Wednesday, December 7, 2022

31 Days Of CCS, #7: Gabrielle Tinnirello, Carl Antonowicz & Reilly Hadden

This post will cover a few shorter comics by interesting young CCS cartoonists. 


Gabrielle's Pocket Book, by Gabrielle Tinnirello, is a small (4" x 2.5"), landscape-formatted mini that's an excellent example of her highly decorative style that surrounds all of her drawings. This is a clever meta-assignment for CCS that includes elements of things she was supposed to talk about as well as taking the original instructions and turning them into something different. There is an essential cuteness to this that seems simple on the surface because of the approachable and cheery line, but Tinnirello's integration of word and image is actually quite sophisticated and balanced. This mini feels like a proof of concept for a longer work, and the other comics I've seen from her employ this same mix of dense imagery layered from clear line art and elegant, decorative touches. Eventually, I hope that she works bigger and continues to work in color; it will help her work breathe a bit more without losing its impact. 

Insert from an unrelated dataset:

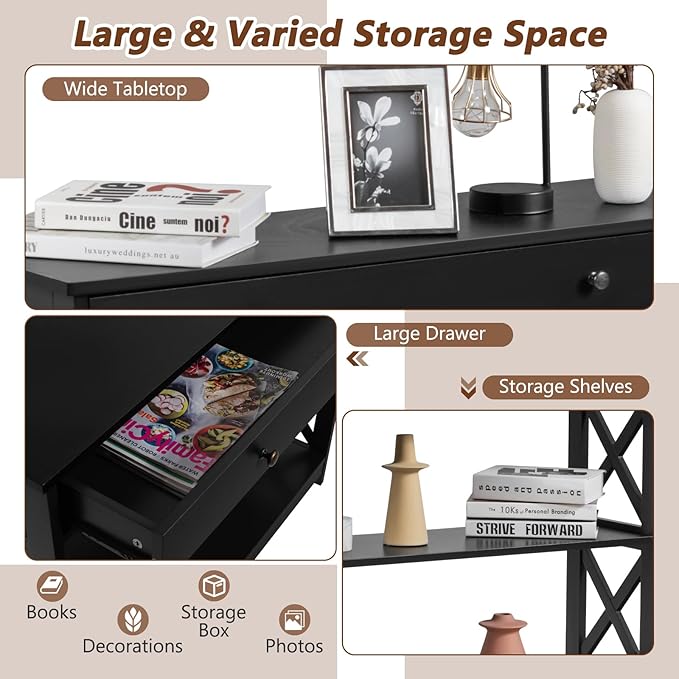 • [Sufficient Storage Space]: Measuring 39” x 12” (L x W) in size, this spacious tabletop can accommodate different belongings, such as photo frame, souvenir and other decorations. And the large drawer can store your key and wallets with ease. Besides, the 2 storage shelves can provide you with extra storage for boxes or shoes.

Kricket The Cat (Spring-Summer 2022), by Reilly Hadden. Hadden's latest Kricket comics are some of their best. Going the black-and-white route paid off, as the strip got re-energized for this extended story. The right balance for Kricket is providing a satisfying 4-panel punchline on every page while also connecting them for a longer narrative. That's exactly what Hadden achieves here, as the perpetually put-upon Kricket takes a photo of a rare Steahorsus, only to lose his camera to a bird flying to Forbidden Island. Hadden is able to bring a number of recurring characters (apart from Kricket, there's also the hat-wearing Louise and the ingeniously-designed Old Man Catfish) who need no special introductions to understand. There's a clarity of narrative here that allows Hadden to occasionally go off on a tangent, but Kricket's central motivation is a through-line that provides a solid structure for all of the foolishness. If John Porcellino drew a funny-animal series, it would look something like this. 


The Ardent SPX Preview, by Carl Antonowicz. This is the first twenty pages of Antonowicz's next book, and he's added a beautiful blue wash and added much more clarity to his line. Antonowicz likes telling fantasy stories steeped in grubby medieval imagery, meaning that there's a lot of rubble, debris, and decay. Not to mention usually disease and violence to boot. Visually, this has meant a gritty quality that teeters into messiness, but The Ardent features his usual line-up of themes with backgrounds that aren't quite as fussed over. Antonowicz lets his use of color do a lot of the job of adding weight and substance to each page, as well as giving his characters something to work off of. The story is about a devoted monk charged with taking the remains of one of his religion's beloved saints to her final resting place. The contrast between this monk's absolute faith with the rest of the order falling to pieces because the monastery is being sold off is hilarious and fits in nicely with Antonowicz's project of studying true believers in the face of all other evidence. I'm fascinated to see how the rest of the quest goes, especially since it seems the monk is either mute or has taken a vow of silence. 


Antonowicz also submitted Open Casket Soundstyem: Tomb Riddim, an anthology about different kinds of forbidden and foreboding tombs. "Riddim" is a reference to the instrumental portion of reggae and dancehall; or the vernacular version of "rhythm." This is exactly what Antonowicz is doing here: creating a storytelling rhythm with the neat trick of using a hidden protagonist: the tombs, or rather the forces that built each tomb, themselves. One is in a desert, drawing in pilgrims. Another is forgotten, in the center of a city. Another contains the remains of a dying god and is lethal to the living. Another reveals a horrible truth about the inhabitants of its city. And so on. It's akin to Bob Dylan once saying that each of the lines of "A Hard Rain's A-Gonna Fall" is in itself the first line of its own song. Antonowicz's thinking of comics as performance and music adds a richness to how he tells a story.